France-Algérie : quel travail de reconnaissance et de vérité ? (1)

Mercredi 17 Février 2021
Latifa Madani
Histoire et mémoire de la colonisation. Le rapport rendu par Benjamin Stora suscite de nombreuses réactions. Comment s’en saisir pour avancer sur la voie de la réparation ?

La repentance est un mot écran
Gilles Manceron Historien, membre de la Ligue des droits de l’homme

La vérité doit être dite sur la colonisation et la guerre d’Algérie, mais le terrain est miné et les mots sont piégés. Un travail est nécessaire pour que les deux sociétés aient une connaissance des réalités et de la complexité de cette histoire, mais il faut se méfier de la tendance des États à instrumentaliser l’histoire.La République doit reconnaître que la colonisation contredisait le principe de l’égalité de tous les êtres humains proclamé lors de la Révolution française. La repentance est un mot écran destiné à faire obstacle à cette reconnaissance. Il a été inventé par des nostalgiques de la colonisation pour discréditer la demande de désigner pour ce qu’elles sont les injustices et les violences coloniales ponctuées de crimes contre l’humanité.

Ce qui a fait échouer le « traité d’amitié » annoncé par Jacques Chirac avec l’Algérie, c’est le « grand écart » qu’il a tenté entre ce projet de traité et la loi sur les « aspects positifs de la colonisation » de février 2005, qui résultait d’une promesse faite en 2002 au lobby « nostalgériste » pour le dissuader de voter Le Pen au second tour de la présidentielle. L’inscription demandée par l’Algérie dans le préambule du traité des « regrets » de la France pour « les torts portés à l’Algérie durant la période coloniale » ne pouvait se concilier avec la vision « civilisatrice » des « bienfaits » de la colonisation.

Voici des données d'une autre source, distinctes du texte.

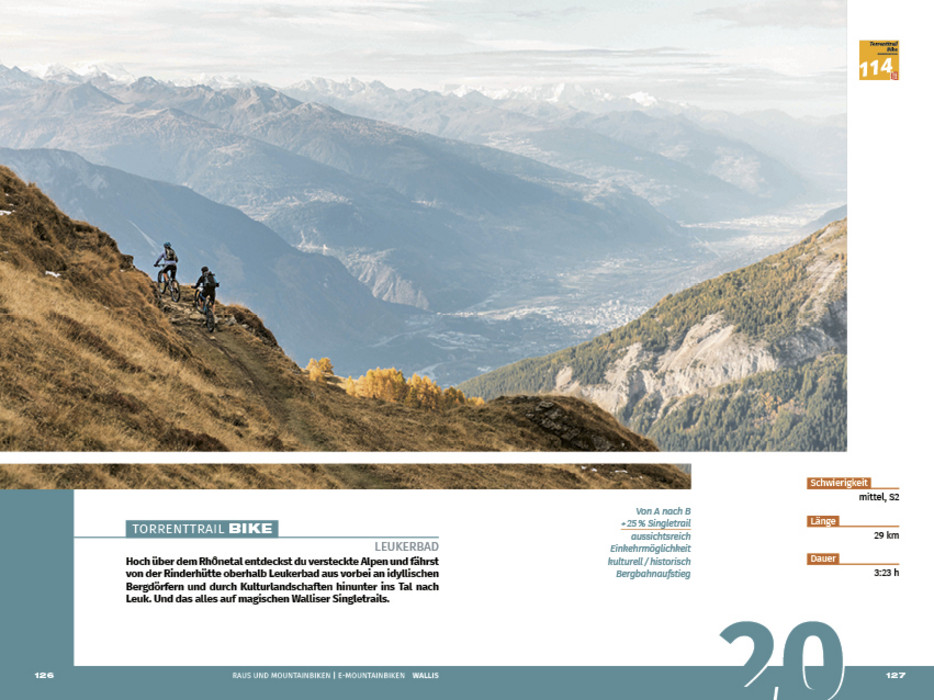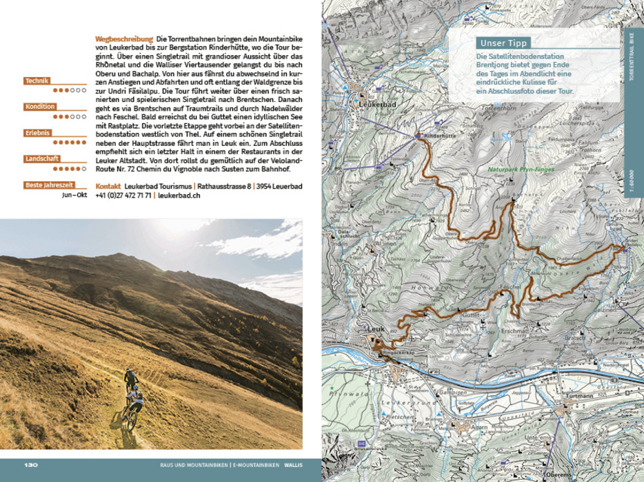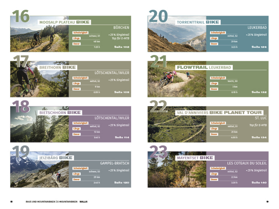 Dieser Bikeführer ist die perfekte Inspiration für die Planung der nächsten Touren. Er beschreibt offiziell homologierte Biketouren und Flowtrails. Inspirierende Bilder, kombiniert mit übersichtlichen Informationen der Touren bezüglich Schwierigkeitsgrade in Technik und Kondition. Ausprägungen in den Faktoren Erlebnis und Landschaft werden abgerundet mit einem Höhenprofil. Der Verlauf der Tour wird in einer Detailkarte dargestellt. Zusatzinformationen über besonders für E-MTB geeignete Touren, sowie Singeltrails und die Erreichbarkeit der Touren machen grosse Vorfreude auf ein unvergessliches Raus-Erlebnis.

La remise du rapport de Benjamin Stora à Emmanuel Macron le 20 janvier a été l’objet d’une manipulation de la part de l’Élysée. Annoncée à 17 heures, elle a été précédée, dans la matinée, par la diffusion à la presse par le « conseiller mémoire » de la présidence des « éléments de langage » qu’il fallait tenir à son sujet : « Colonisation et guerre d’Algérie : ni excuses, ni repentance. » Même si on ne trouve pas ces mots dans le rapport, ce sont eux qui s’y sont trouvés accolés alors que les préconisations de Benjamin Stora ouvrent sur la perspective non d’une « réconciliation », mais d’un apaisement des mémoires.